Fear 3: "We'll Have to Give Up Control"
Now we're getting to the heart of it. This fear is real because it's true—meaningful patient engagement does require sharing power (notice I didn't say "empowering" and there is a subtle but important difference).
For healthcare institutions accustomed to being the unquestioned experts, this feels uncomfortable, even threatening.
But let's sit with this discomfort for a moment. Whose healthcare is it, anyway?
Every project, every initiative, every quality improvement effort exists for one fundamental reason: patients. They are the purpose of healthcare, not the "problem."
When we design care delivery models, clinical spaces, or patient communications without meaningful patient input, we're essentially saying, "We know better than you what you need."
Yes, clinicians have clinical expertise. But patients are the experts in their own condition. Why? Well because they live with it every single day.

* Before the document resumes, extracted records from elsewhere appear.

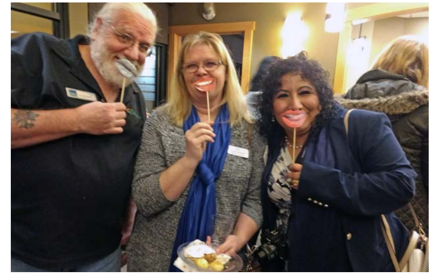
Multi-Chamber After Hours
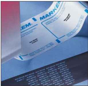
Radial ribbon save - delivering up to 80% savings in continuous mode.

In addition to precise 'no-waste' printing, you get a series of unique ribbon saving techniques for both intermittent and continuous operation.
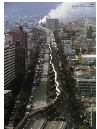
Great Hanshin-Awaji Earthquake (1995)
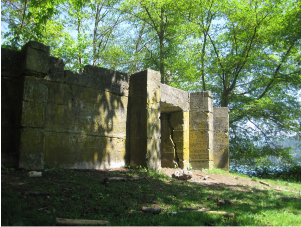
North Vancouver, BC, Canada.

15. The gradual death of a settlement begins when the settlement no longer serves and satisfies some of the basic needs of the its inhabitants or of the Society, in general. As people move they carry their values with them.
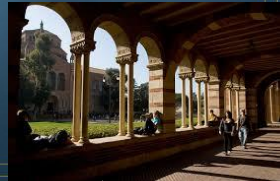
Outside UCLA's Royce Hall
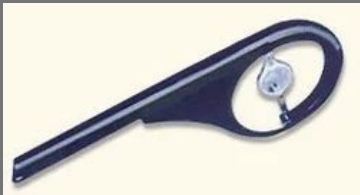
Chain Cover-steel Black
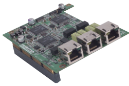
MIO-6250 3 x 10/100 Mbps with Bypass Ethernet Ports
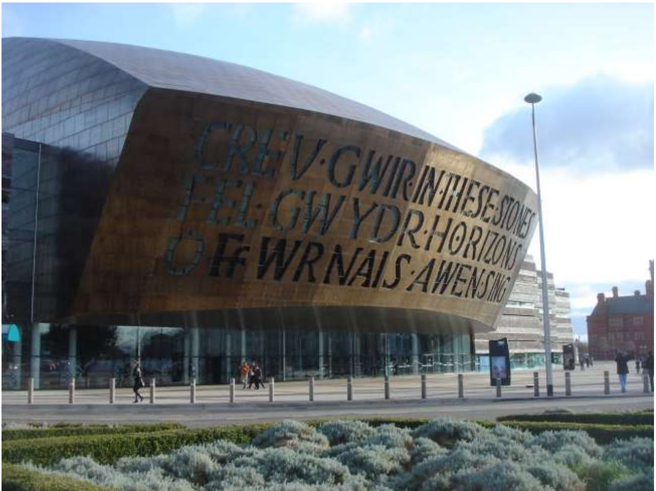
Figure 6 Wales Millennium Centre

unprecedented building it has succeeded in showcasing the contemporary metropolitan culture of Wales (figure 6).

They deal with its impact on their activities of daily living, in navigating the often complex and inhospitable (pun intended) systems and as a recipient of care.
Giving up exclusive control isn't losing something—it's gaining partners who are deeply invested in success because the outcomes directly impact their lives. I've been in rooms where a patient's insight completely reframed how problems were understood. That's not a loss of control; it's an expansion of wisdom.

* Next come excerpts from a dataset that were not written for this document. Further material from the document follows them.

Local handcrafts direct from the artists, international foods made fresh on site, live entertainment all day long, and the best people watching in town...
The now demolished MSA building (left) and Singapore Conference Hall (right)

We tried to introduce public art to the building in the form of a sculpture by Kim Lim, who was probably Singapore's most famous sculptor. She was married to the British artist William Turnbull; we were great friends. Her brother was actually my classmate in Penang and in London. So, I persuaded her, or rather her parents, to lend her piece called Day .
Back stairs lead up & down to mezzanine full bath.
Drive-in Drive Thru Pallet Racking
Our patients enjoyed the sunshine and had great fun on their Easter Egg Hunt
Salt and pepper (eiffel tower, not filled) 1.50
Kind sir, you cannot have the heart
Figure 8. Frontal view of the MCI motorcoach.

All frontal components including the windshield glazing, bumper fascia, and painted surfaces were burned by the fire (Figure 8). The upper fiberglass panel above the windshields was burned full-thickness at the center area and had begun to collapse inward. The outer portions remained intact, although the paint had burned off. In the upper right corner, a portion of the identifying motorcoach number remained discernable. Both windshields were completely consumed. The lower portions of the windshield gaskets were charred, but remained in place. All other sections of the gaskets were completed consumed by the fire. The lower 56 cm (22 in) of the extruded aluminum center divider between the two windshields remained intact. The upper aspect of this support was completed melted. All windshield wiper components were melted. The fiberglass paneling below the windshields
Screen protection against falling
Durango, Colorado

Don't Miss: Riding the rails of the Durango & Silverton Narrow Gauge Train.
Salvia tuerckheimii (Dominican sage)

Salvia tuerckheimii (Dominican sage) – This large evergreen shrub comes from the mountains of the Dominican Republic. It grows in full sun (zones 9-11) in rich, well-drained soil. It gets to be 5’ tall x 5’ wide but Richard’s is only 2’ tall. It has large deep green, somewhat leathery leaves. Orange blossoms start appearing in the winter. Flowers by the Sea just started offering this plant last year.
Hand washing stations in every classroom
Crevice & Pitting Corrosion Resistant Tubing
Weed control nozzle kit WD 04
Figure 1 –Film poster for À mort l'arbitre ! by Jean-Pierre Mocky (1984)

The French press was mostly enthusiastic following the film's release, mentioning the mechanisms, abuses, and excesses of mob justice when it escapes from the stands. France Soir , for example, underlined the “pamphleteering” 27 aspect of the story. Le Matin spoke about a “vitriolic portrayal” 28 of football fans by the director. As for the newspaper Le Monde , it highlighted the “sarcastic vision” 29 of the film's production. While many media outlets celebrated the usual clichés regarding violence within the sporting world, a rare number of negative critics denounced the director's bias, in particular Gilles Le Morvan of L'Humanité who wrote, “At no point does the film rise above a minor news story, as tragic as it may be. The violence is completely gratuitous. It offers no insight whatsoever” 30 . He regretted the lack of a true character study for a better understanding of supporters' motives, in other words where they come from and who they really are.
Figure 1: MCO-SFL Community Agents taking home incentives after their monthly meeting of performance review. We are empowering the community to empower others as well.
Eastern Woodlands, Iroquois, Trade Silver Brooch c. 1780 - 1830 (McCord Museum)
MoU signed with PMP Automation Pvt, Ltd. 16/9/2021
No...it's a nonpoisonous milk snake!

Yes, you're ceding some decision-making authority. But you're also distributing responsibility for solutions. And you're remembering a crucial truth: patients are the purpose of healthcare, not the problem.
Fear 4: "We'll Look Foolish If We Don't Have It All Figured Out First"
This might be the hardest fear to admit: What if we bring patients to the table and we don't have a polished presentation? What if we can't show them a draft plan or a prototype? What if we have to say, "We don't actually know what the solution looks like yet"?
Healthcare professionals are trained to be experts, to have answers, to project confidence. The idea of sitting across from patients and families while admitting uncertainty feels pretty vulnerable. So what usually happens is people wait, develop something concrete first, then bring patients in for "feedback" on our nearly-finished work. Though well-intended the "give-them-something-to-respond-to" approach really signals: "We've already decided the direction. We just need you to validate it."
That's not co-design. That's not partnership. That's asking patients to rubber-stamp decisions already made. Do you know how many times I've heard patient partners express that they despise the idea of "rubber stamping" something?
A lot.
True engagement means bringing patients in at the beginning, when everything is ambiguous and undefined. It means inviting them to help identify and frame the actual problem before jumping to solutions. And yes, it means being comfortable saying, "We're not sure what this will look like, and that's exactly why we need you here."
I've watched the magic that happens when healthcare teams embrace this vulnerability. When a project team admits they're starting from scratch, patients don't lose confidence—they lean in. They appreciate the honesty. They recognize they're being treated as genuine partners.
The problem healthcare thinks it's solving isn't always the problem patients are experiencing. That moment of "looking foolish" for not having answers actually makes you look wise—wise enough to recognize you needed patient insight from day one.
It's okay to not have all the answers. In fact, admitting that is the first step toward finding the right ones.
Nothing to Fear But Fear Itself
These fears persist because patient engagement requires cultural change, and change, even when positive, can still be uncomfortable. But the alternative—continuing to design healthcare systems, policies, and services without meaningful patient partnership—is far more frightening.
I've lived on both sides. I know the vulnerability of being a patient who feels unheard. I know the professional anxiety of stepping into unknown territory as a project leader engaging patients and caregivers. But I also know the extraordinary outcomes possible when we confront these fears directly.
The "monsters" of patient engagement aren't real. The opportunities are!